One thing we can say for certain. With all the support materializing for Black Swan this past week the message is unequivocal: no discussion of the year’s best work will be complete without Aronofsky’s dance phantasmagoria in the mix. Yet Swan’s place in the lineup isn't the sure thing it should be. Due to the film’s extreme nature it is widely assumed that for every one Academy member who has the stomach for it, there will be ten others who are fleeing the screening with their hands over their ears, humming the score from Driving Miss Daisy to blot out the horrible sounds coming from the screen.
One could be forgiven for getting that impression reading the conventional wisdom bandied back and forth about films like 127 Hours or Black Swan. The standard issue reaction for any film that has more than a sprinkling of realistic violence, sex, or stylistic daring is, "Oh, this is too much for the Academy." The average academy voter is, according to this view, a stodgy old fogey whose taste in movies calcified sometime around the release of My Fair Lady and is horrified that a movie might stray outside the bland Oscar template.

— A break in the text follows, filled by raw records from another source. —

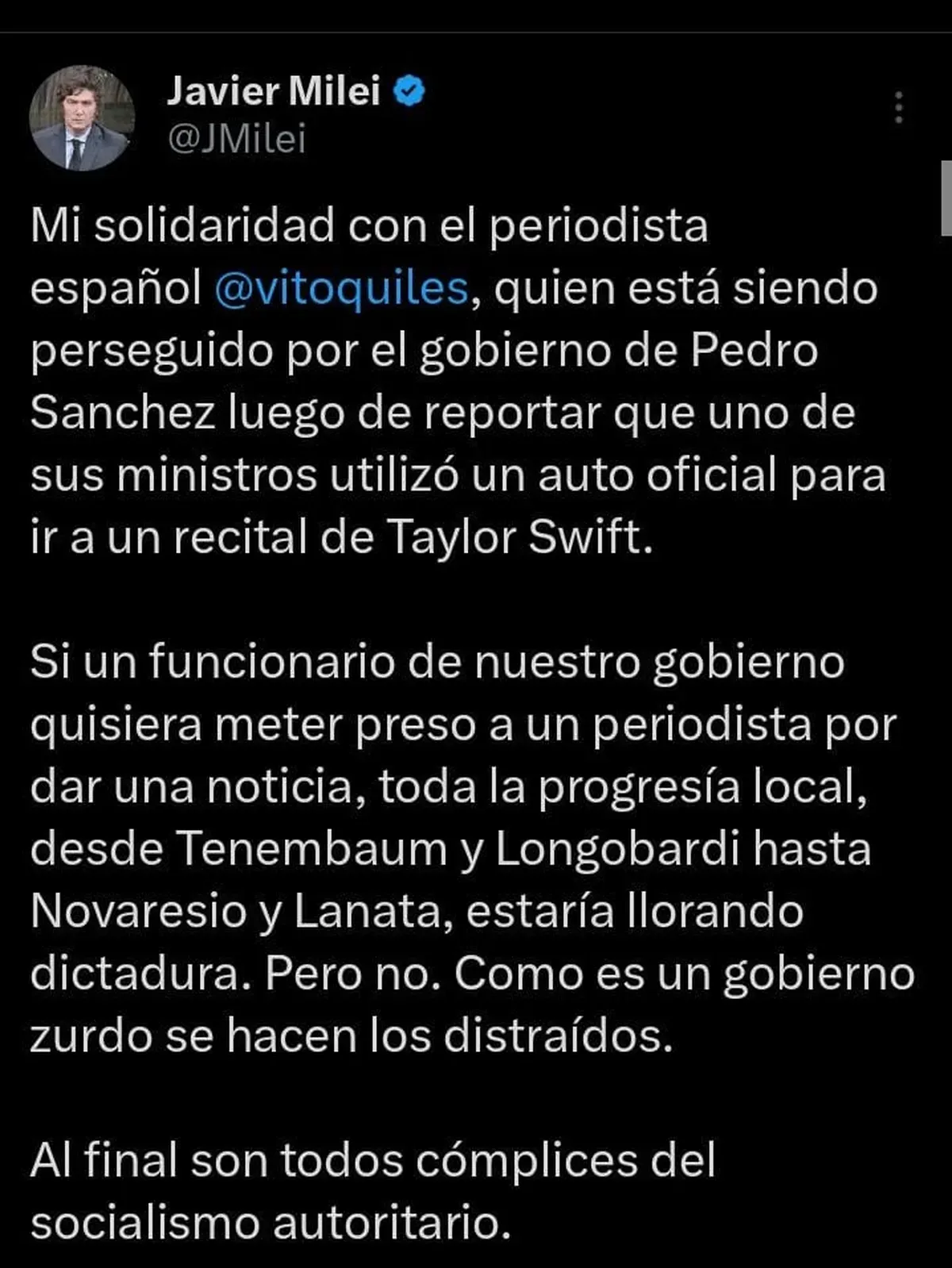 Pero Milei no se cayó y el (19/6) citó desde su cuenta personal de X (antes Twitter) un artículo del portal libertario La Derecha Diario que tituló: “Pedro Sánchez se desespera y anuncia un plan para "acabar con la impunidad" de los medios independientes que investigan la corrupción de su esposa”.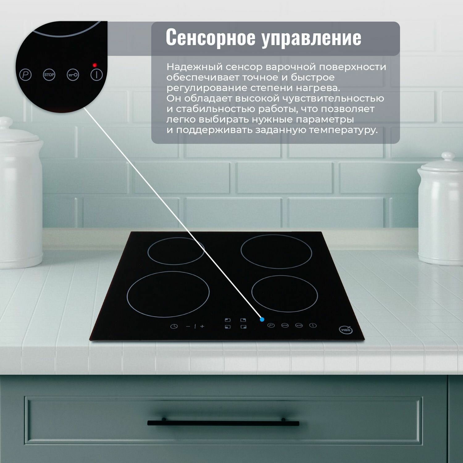 | Безопасность | защитное отключение конфорок / кнопка блокировки панели / индикатор остаточного тепла |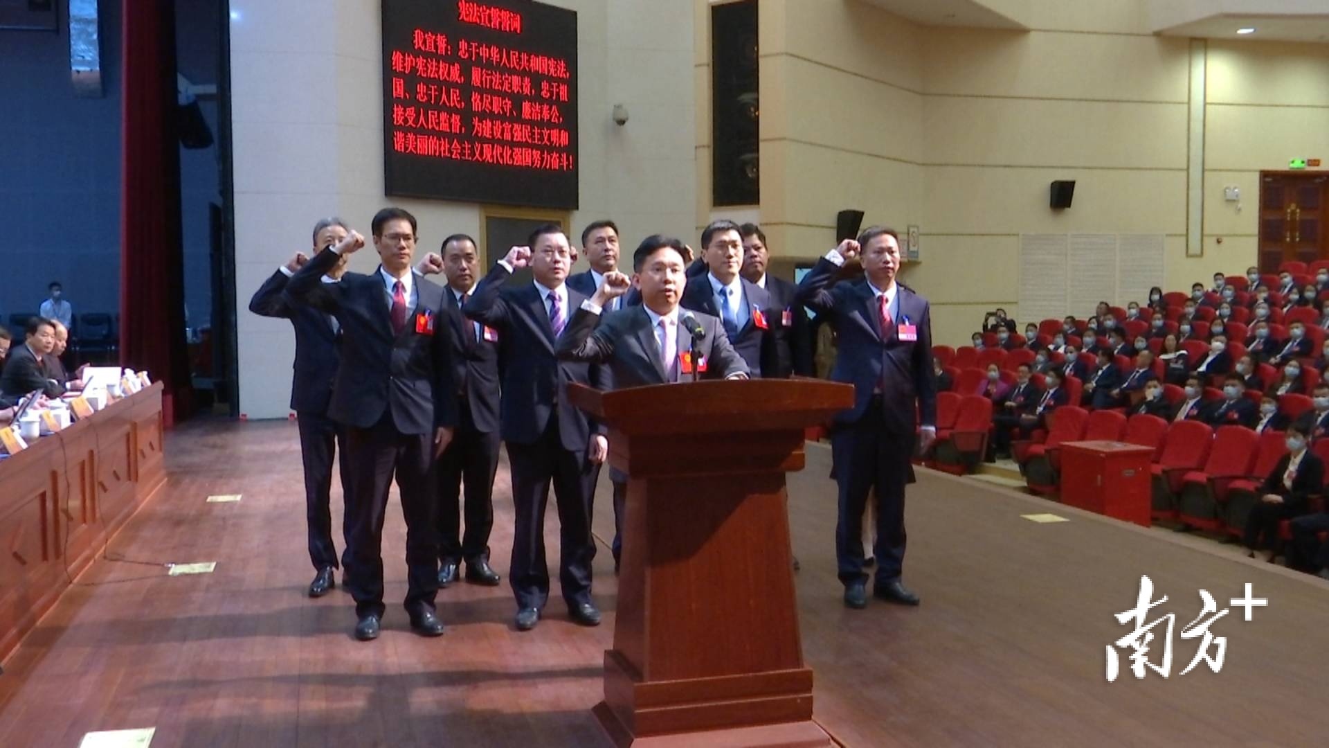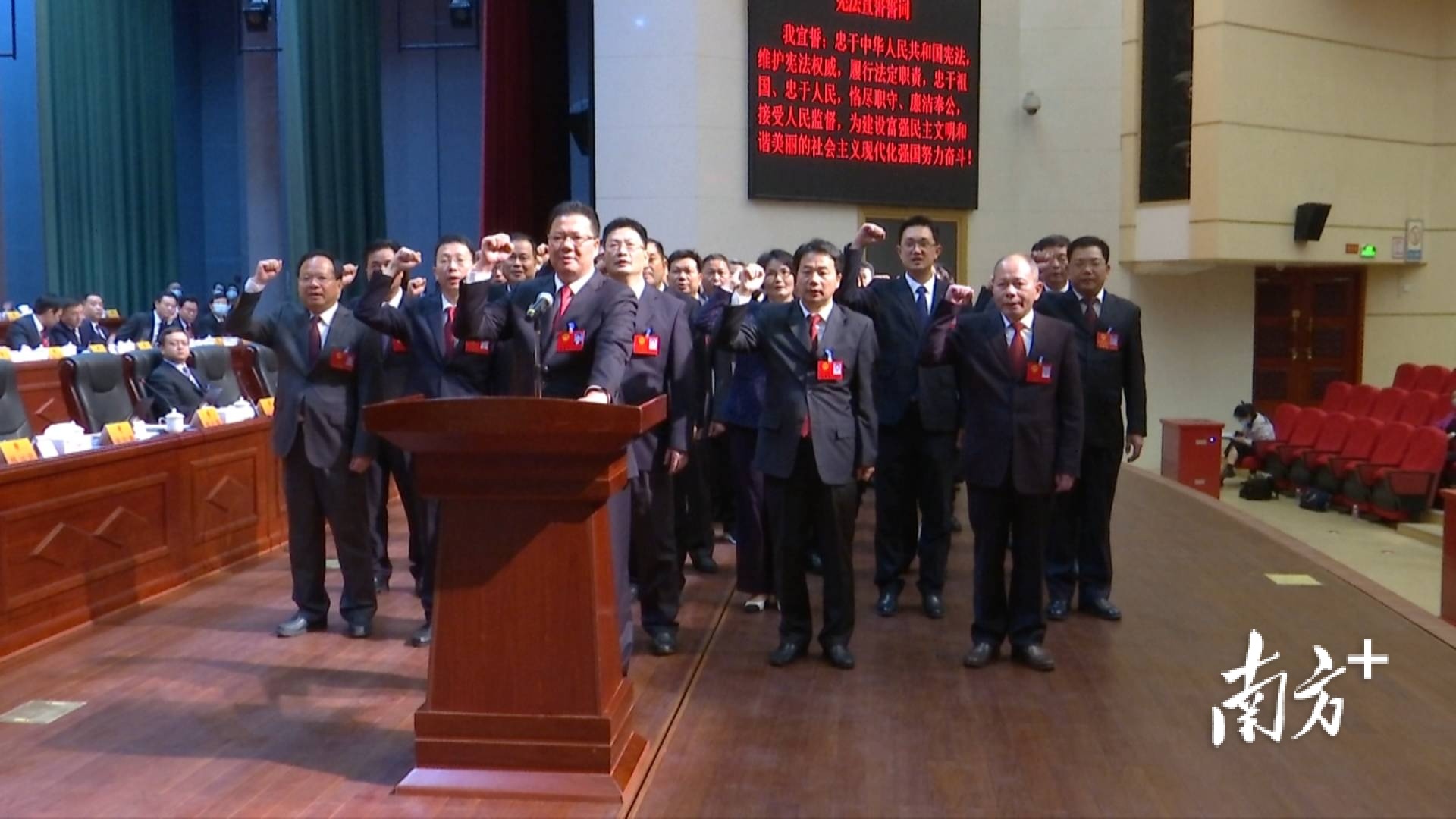 现场,大会为新当选人员颁发了当选证书,并举行了宪法宣誓仪式。田建容、陈广文分别作为新一届县人大常委会组成人员、新一届县政府领导班子等新当选人员的领誓人进行宣誓。领誓人手抚宪法,领诵誓词,其他宣誓人在后方列队站立,跟诵誓词。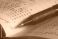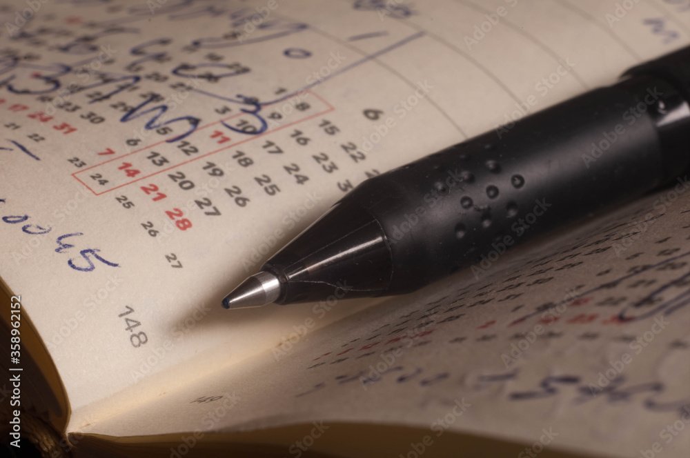 • Pobazgrany notatnik z leżącymi na nim biurowymi przyborami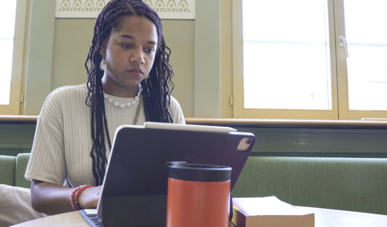 Zwei Schülerinnen testen den KI-Tutor. Dieser konzentriert sich auf vier Erkenntnisebenen: Schlussfolgerungen, mathematische und physikalische Grundkenntnisse sowie Konzept- und Textverständnis.EDUCATION 2.25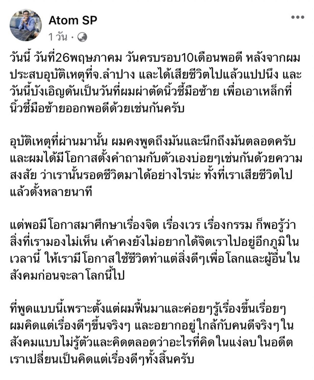 มาวันนี้ครบ 10 เดือนแล้วหลังจากเกิดเหตุใหญ่ในชีวิต อะตอม ก็ได้เขียนโพสต์ถึงอุบัติเหตุในวันนั้น ที่เกือบเสียชีวิตไปแล้ว จากเหตุการณ์ในครั้งนั้น ทำให้เจ้าตัวได้เปลี่ยนความคิดใหม่ทั้งหมด และเปลี่ยนวิธีการใช้ชีวิตอีกด้วย

They thought Inception was too confusing, Rabbit Hole was too depressing, and a lot of them avoided 127 Hours altogether. While there is undoubtedly some truth to this (we all remember the reports of some voters flat-out refusing to so much as watch Brokeback Mountain) I think it misses the larger story. ![]() |
| The Average Oscar Screening? |
The fact that the Academy in the past has honored films as adult as the Silence of the Lambs, Midnight Cowboy, or The Departed proves that they’re not necessarily as timid as their reputation suggests. It’s just that if they’re going to risk upsetting the blue hairs of the world than those films are going to have to arrive stamped as pre-approved hits.
I think it is fair to say Black Swan's status as an Oscar lock is going to have less to do with the intestinal fortitude of the Oscar voter and more to do with how well it performs in this, its first weekend of wide release.